L’uomo, divenuto funzione tra le funzioni, perde la sua distanza riflessiva, e con essa la libertà che nasceva dal differimento. Così l’ipermoderno non è il superamento del moderno, ma la sua saturazione: il punto in cui la razionalità strumentale si compie, e nel compiersi si chiude su se stessa, lasciando dietro di sé un tempo privo di pausa, un pensiero privo di silenzio, un mondo senza più latenza. Là dove la modernità cercava emancipazione nella ragione e nella distanza, l’ipermodernità comprime tutto nella “mappa del complesso tecnologico autoritario”: un sistema dell’istantaneo, della trasparenza obbligata e del controllo in tempo reale. La libertà, oggi, si rifugia nell’invisibile, nel ritardo, nell’ombra.

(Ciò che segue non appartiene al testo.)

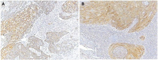 Immunotherapy has become a valuable treatment option against OSCC. Inhibition of the pathway between the programmed death 1 receptor (PD-1) and the programmed death ligand (PD-L1) decreases tumor growth, improving survival. However, such therapy appears to benefit only a subset of patients [34,35,36]. Therefore, the definition of OSCC originating from a lesion with phlogistic infiltrate, such as those originating from OLL, is very important in order to define subgroups, which will ensure a high number of TLR4-positive cells. TLR4 has been shown to exert immunosuppressive properties in different types of cancer [37,38]. Higher levels of TLR4 have already been correlated with high PD-L1 in non-small cell lung cancer [39], melanoma [40], and T-cell lymphomas [41]. The experimental inhibition of TLR4 was able to decrease PD-L1 expression on macrophages and dendritic cells co-cultured with OSCC cells [42]. Therefore, TLR4 level analysis may be a promising biomarker to define patients suitable for immune-targeted therapy.
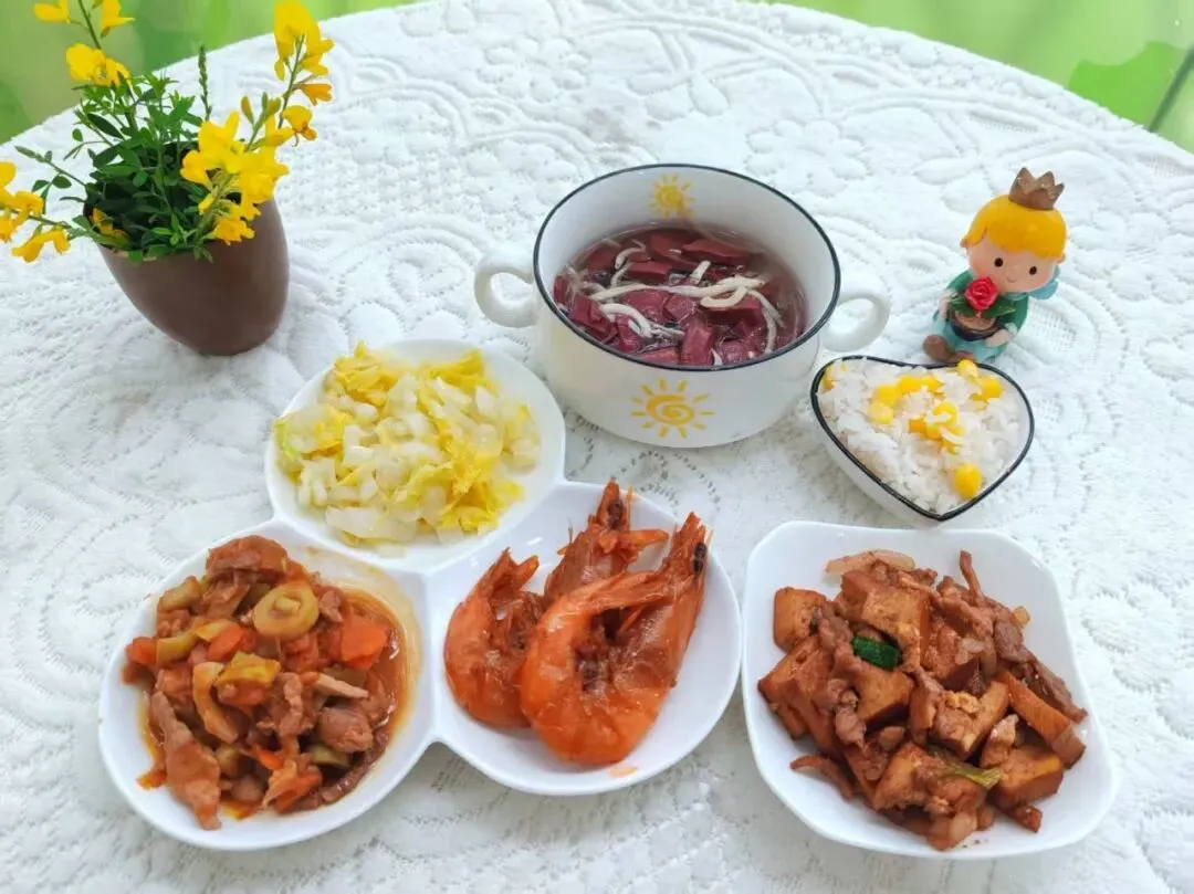 玉米饭 茄汁大虾 猪肉炒香干

Il concetto di complesso tecnologico autoritario non è ancora un sistema teorico, ma un’intuizione che intercetta il nostro tempo. Il compito, ora, è mappare la mappa: capire che cosa vi si muove – infrastrutture, algoritmi, economie, linguaggi – e con quale logica. La domanda non è più se la tecnologia sia autoritaria, ma come e dove lo diventa. E se, nell’epoca dell’istantaneo, sia ancora possibile una libertà che viva nel differimento, nella lentezza, nel pensiero. Perché forse la vera resistenza, oggi, non è opporsi, ma ritardare: rallentare il ritmo del potere, restituire al tempo la sua profondità. È da lì, da quella latenza, che può ancora nascere una forma di libertà possibile.